OFSTED: Smoke and Mirrors and Malevolent Magic
November 9, 2013Update 10/11/2013: I reblogged this yesterday because I thought it was a really good description of the OFSTED inspired observation culture in schools. However, within that same weekend there were another two really interesting blogposts also describing those experiences. Rather than overdoing the reblogging I thought I’d add the links here:
From Bigkid : My experiences of Mocksteds
From Joe Kirby: Who says knowledge is pointless in English?
If anyone writes another description of observation nonsense in the next few days I will add it here.
From Thomas Starkey: Judgement
‘Every damn thing we’ve talked about at school this week has been driven by Ofsted, and not by the need to educate children effectively’ @cbradbee tweeted last Wednesday.

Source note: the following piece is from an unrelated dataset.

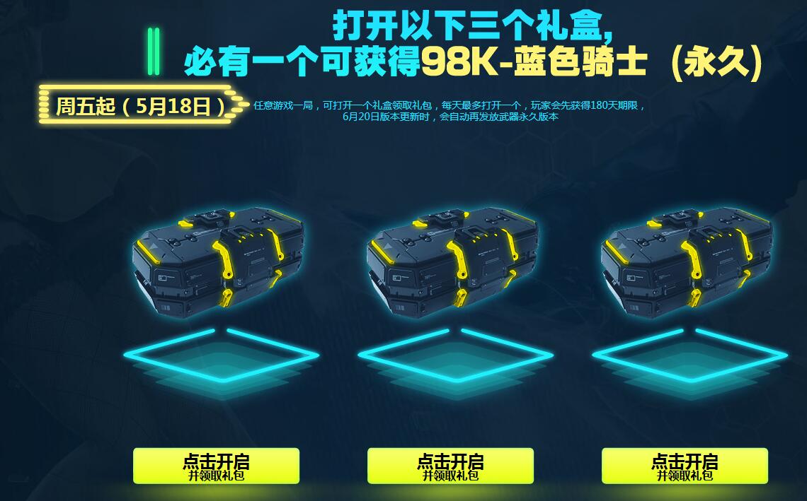 周五起(5月18日)任意游戏一局,可打开一个礼盒领取礼包,每天最多打开一个,玩家会先获得180天期限,6月20日版本更新时,会自动再发放武器永久版本点击开启并领取礼包点击开启并领取礼包

Even in so few words, the distress and despair of this teacher is palpable. The fact that the OFSTED obsession is interfering with, and often hindering, the effective education of the children is a sad reflection of the times we live in. No surprise, then, that this tweet also summarises the entire ethos and philosophy of schools like mine.
Absolutely everything we do, nowadays, is driven by what our SLT team expect that OFSTED will be looking for. Much tea-leaf-poring has now been distilled into a list of lesson ‘requirements’ which is, I believe, based largely on the OFSTED lesson observation criteria. Lesson perfection; lesson utopia.
And yet. There are those who profoundly disagree. According to a BBC News report (13…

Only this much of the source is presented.